When Government Subsidies Stopped, Doritos Got 15% Cheaper
Authored by James Hickman via SchiffSovereign.com,
PepsiCo spent $2.8 million last year lobbying to keep junk food eligible for food stamps.
But last week – after Health and Human Services Secretary Robert F. Kennedy Jr. got 18 states to ban SNAP purchases of products like soda, candy, and processed snacks – PepsiCo announced price cuts of up to 15% on Doritos, Lay’s, Tostitos, and other Frito-Lay products.
The company’s official explanation was “affordability.” CEO Ramon Laguarta cited low-income consumers are switching to store brands.
But the timing tells the real story.
The Supplemental Nutrition Assistance Program— food stamps— is a $100 billion per year program serving roughly 42 million Americans. And according to the USDA’s own data, about 20 cents of every SNAP dollar goes to sweetened beverages, candy, salty snacks, and sugar.
In fact soft drinks alone are the single largest category of SNAP purchases.
And, until last week, products from Pepsi’s Frito-Lay division were in 7.2% of all shopping trips paid for with SNAP (i.e. taxpayer-funded) benefits.
So when the government stopped subsidizing demand for their products, PepsiCo had to do something they hadn’t needed to do in years: compete.
This is what the free market does— it forces companies to be more efficient, cut prices, and pass savings on to their customers.
But here’s the thing— this is one company, one product line, one government program.
Zoom out and you can see just how much of price inflation in our daily lives is due directly to government spending— before we even get into monetary policy like printing money.
When a guaranteed buyer shows up with a bottomless wallet, prices go up.
Just look at college tuition. In 1965, Congress passed the Higher Education Act and began backing student loans with federal dollars.
Since then, tuition has risen roughly three times faster than inflation. A year at a private university that cost $2,800 in 1963 now costs over $85,000.
The New York Federal Reserve studied this directly and found that for every dollar increase in subsidized student loans, tuition rose by up to 60 cents.
The mechanism is simple: when the government guarantees the tuition money, universities raise prices… simply because they can.
Healthcare is even worse.
Before Medicare and Medicaid were created in 1965, the government’s share of healthcare spending was about 31%. Today it’s roughly 64%. Medicaid spending alone has grown from $13 billion in 1975 to over $900 billion today.
And— shocker— healthcare prices have risen dramatically over the same period. The US now spends nearly $5 trillion per year on healthcare, far more per capita than any other developed country, with outcomes that are often worse.
The pattern is the same everywhere you look: the government shows up with money. Prices rise to absorb it. The subsidy becomes permanent. The industry restructures itself around the guaranteed revenue. And then anyone who suggests pulling back the money is accused of “cutting” a vital service.
Now consider the scale of this in America today.
Federal spending has risen from about 18% of GDP in the 1990s to nearly 24% today. That means almost a quarter of the entire American economy is government money.
Of this, Treasury Secretary Scott Bessent has publicly estimated that 10% of the federal budget— roughly $600 billion per year— is lost to outright fraud of the Somali daycare type in Minnesota.
Then there’s the legal graft. California alone received roughly $100 billion in federal grants over the past few years for DEI initiatives that produced nothing except more government jobs and campaign contributions.

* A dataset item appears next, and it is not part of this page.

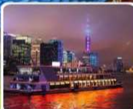
ส่องเรือแม่น้ำหวงผู่

So how much of America’s economic output is actually real?
How much is just government money making a round trip— borrow more debt, hand it out through some boondoggle program where it is spent at a PepsiCo subsidiary, counted as “economic activity,” making people obese… then more money spent on healthcare to keep them alive and paying enough taxes for the government to be able to pay interest on the debt…
It’s absurd when you think about it. We don’t have a precise answer. But the Pepsi story gives us a clue. The moment the government stopped subsidizing one small corner of the economy, prices dropped by 15% within a week.
RFK didn’t regulate PepsiCo. He didn’t cap prices. He didn’t launch an antitrust investigation. He simply stopped the government from funneling taxpayer dollars into unhealthy food… and the market corrected overnight.
Now imagine what would happen if the government stopped subsidizing entire industries— the defense contractors billing $10,000 for a toilet seat, the universities charging $85,000 for a degree in gender studies, the healthcare system where nobody can tell you what anything costs.
We might finally find out how much of this economy is real.
And that, frankly, is what makes it so hard to fix. Because so many peoples’ livelihoods now depend on the government gravy train.
But this trajectory has an expiration date. The federal government borrows $2 trillion a year to keep it all going. Interest on that debt already exceeds $1 trillion annually— more than the entire military budget— and it’s growing faster than any other line item.
If rates stay elevated because inflation won’t come down, the cost of servicing the debt crowds out everything else.
If the government responds by printing money to cover the gap, inflation gets worse.
And it makes sense to have a Plan B that doesn’t depend on Washington finding fiscal discipline before the math catches up with them.